A virtual machine instance contains physical processor cores and main memory.Each virtual machine has statically allocated amounts of processor cores and main memory which can not be changed when constructed. The resources are allocated based on their NUMA node affinity. 동일한 NUMA 도메인에 있는 프로세서와 메모리를 할당하면 메모리 엑세스 시간이 단축된다. The I/O devices are only allocated to the privileged domain. Other domains can access the services provided by these devices through standard distributed services exported by the privileged domain.
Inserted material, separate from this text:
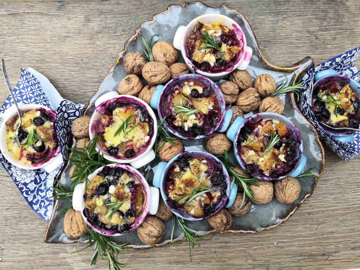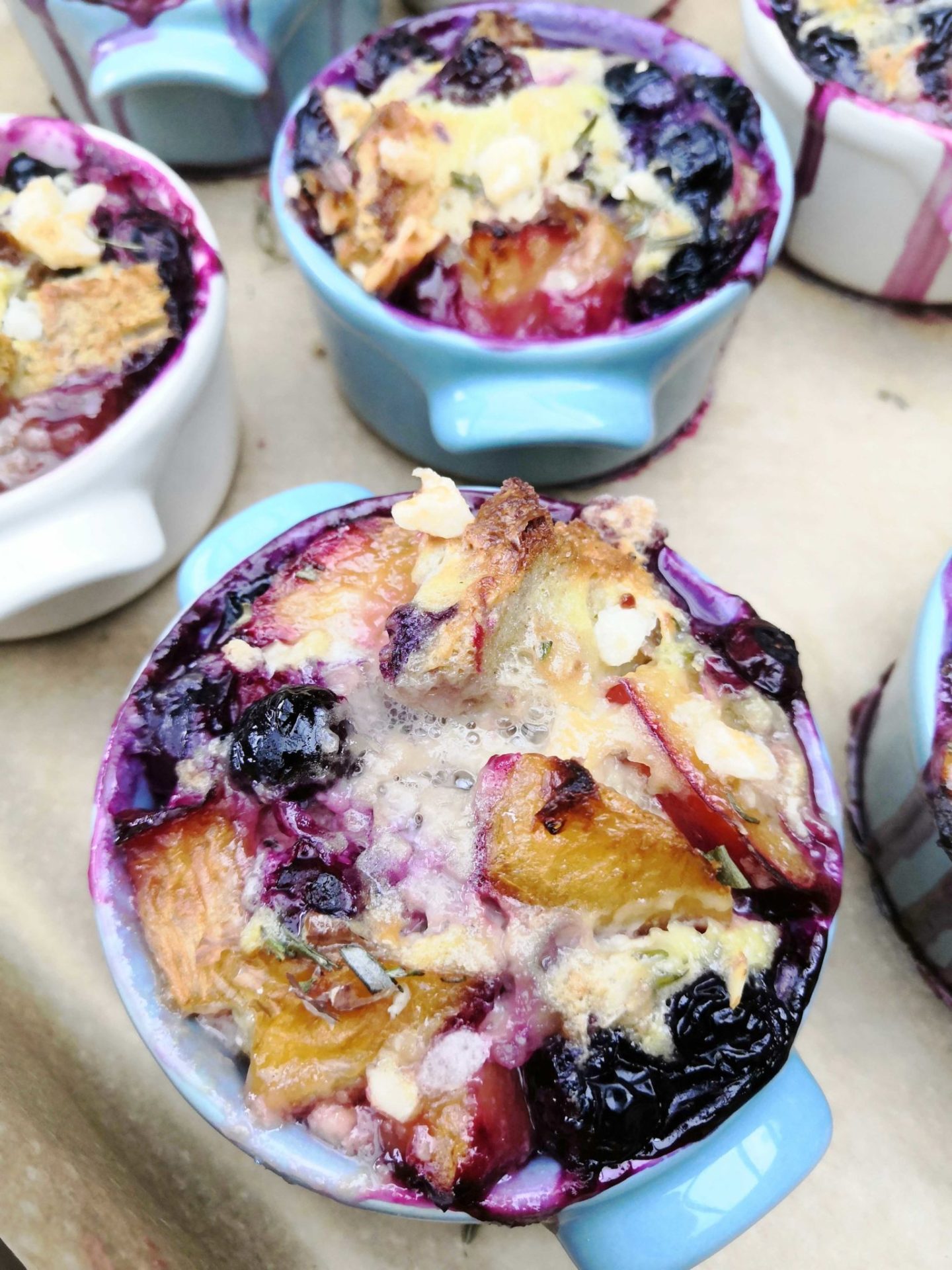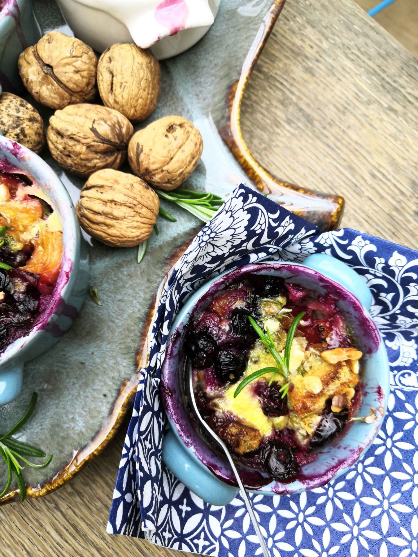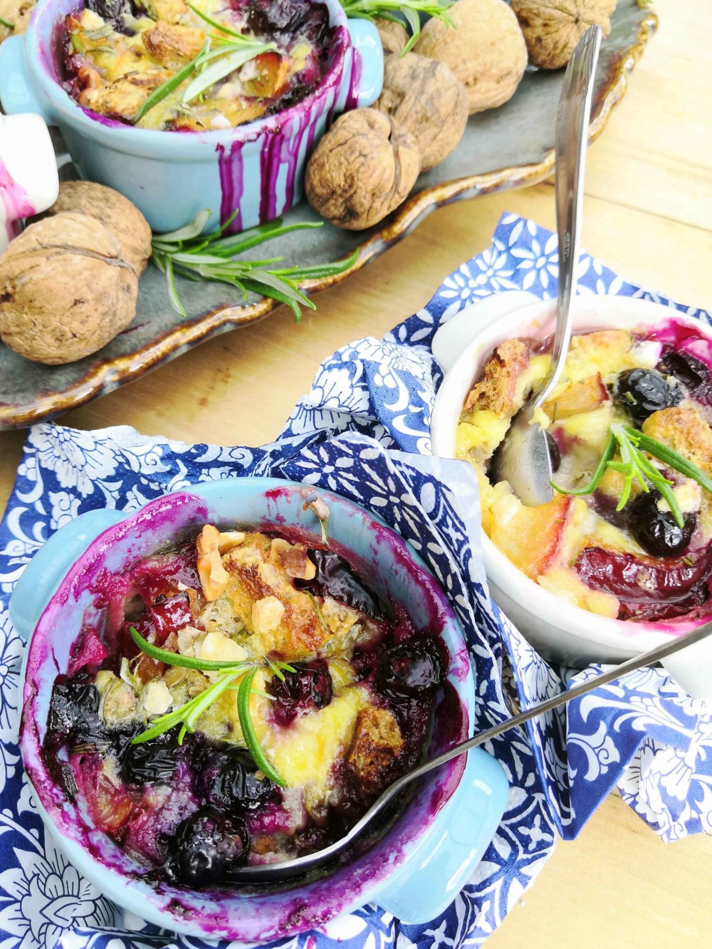6. Dans des ramequins, disposer le pain, les prunes, les myrtilles, les noix et le romarin. Ajouter un peu de sucre perlé et arroser à ¾ de la préparation œufs/sucre/crème.

The OS image and its drivers are loaded into main memory when the system is booting. The resources needed by a domain are preallocated before they are booted. A domain is created when the system load is high. The virtual machine instance is created by issuing a hypervisor call inprivileged domain. When the virtual machine is booted, the tasks can be submitted to it using standard distributed protocols.

3.8 Isolation Between guests

CPU cores and memory are preallocated to a guest OS. Guest OS initialises its internal structures based on these resources. So resources out of this range will not be accessed by the guest OS. OSV는 디바이스와 인터럽트를 컨트롤 해야한다 게스트 OS간 간섭을 없에기 위해서 For devices as described in previous section 3.3 all devices are allocated to a privileged operating system. So, interrupts from devices are not intercepted by OSV. 해야 할 유일한 것은 OSV는 재부팅하거나 재설정 작업과 같은 오류 상태를 방지하기 위해 포트 작업을 제어하는 것이다. If a guest OS attempts to write a port, it will trap into OSV. OSV analyzes this operation to detect abnormal states, such as reboot operation, etc. If a reboot operation is found, OSV only reboots the corresponding guest OS not the computer. Operations which cause the server crash are denied by OSV. // 일반 오퍼렌든인지 이게 리부트 오퍼렌드인지 판별해서 리부트면 게스트만 리부트되게 해준다 전체 컴퓨터 안꺼지게

IPI is a special interrupt used by operating system. OSV intercepts IPI to avoid a guest OS sending IPI to other guests. A misssending IPI will corrupt other guests. Based on these mechanisms, although there is no virtualization layer in OSV, guest OS can be well isolated from each other in OSV.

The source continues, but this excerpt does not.